═══ Extracted information
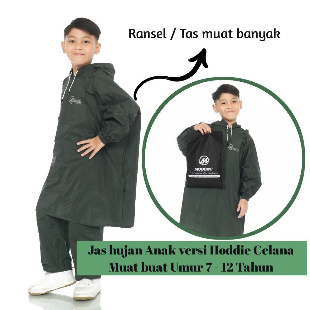 JAS HUJAN ANAK USIA 7 TAHUN - 12 TAHUN JAS HUJAN PONCO + CELANA ANAK ANTI REMBES BY MOOV
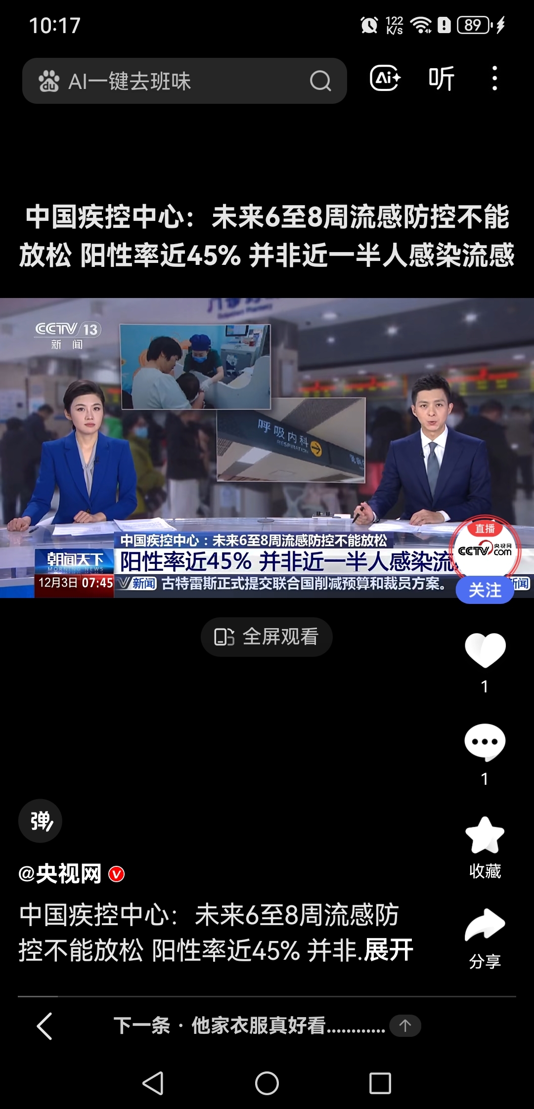 $众生药业(SZ002317)$ 中央新闻播了流感的事。
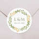 Custom-designed classic round wedding favour stickers/labels featuring couple/ bride and groom's initials/monogram and wedding date encircled in a watercolor floral wreath.
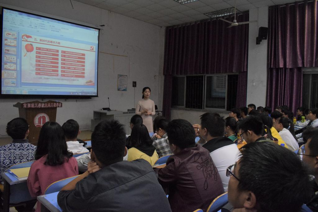 培训伊始,任老师与同学们交流了前两节的学习心得,并针对同学们存在的疑问进行了细致地解答。此次培训,任老师以“新时代,新征程,新目标”为主题,结合“党的十九大简介及重要意义”、“中国特色社会主义进入了新时代”、“新时代中国特色社会主义思想”、“新时代中国共产党的历史使命”等七个方面为同学们解读了党的十九大精神。在此次培训过程中,任老师与同学们亲切交流,为同学们耐心解答了问题。最后,任老师希望同学们坚持“不忘初心,砥砺前行”的十九大精神。
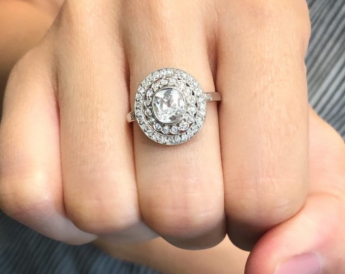 SOLD: Edwardian double halo diamond cluster ring, circa 1915
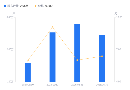近一年(2024年6月30日至2025年6月30日),友好集团A股股东户数从1.43万户,增加至2.95万户,增幅106.77%,区间股价上涨64.01%。
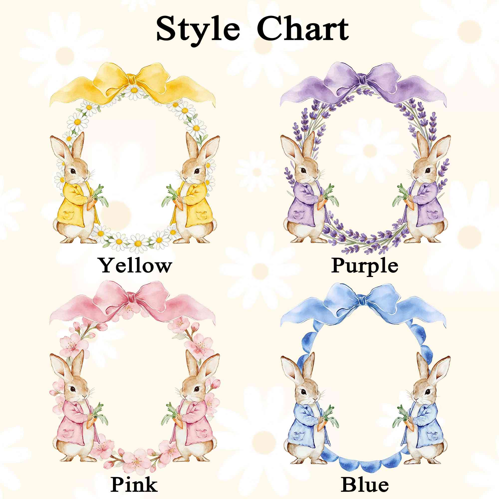 | Style | Custom Name Peter Rabbit Bow Wreath Alphabet Easter Gift Bag with Pink Bow Ribbon |
══════
■ **The task**
Beginning with the line that contains "近一年(2024年6月30日", write out every line through the last one in the records, exactly and without pictures.

■ **Output of the task**
近一年(2024年6月30日至2025年6月30日),友好集团A股股东户数从1.43万户,增加至2.95万户,增幅106.77%,区间股价上涨64.01%。
 | Style | Custom Name Peter Rabbit Bow Wreath Alphabet Easter Gift Bag with Pink Bow Ribbon |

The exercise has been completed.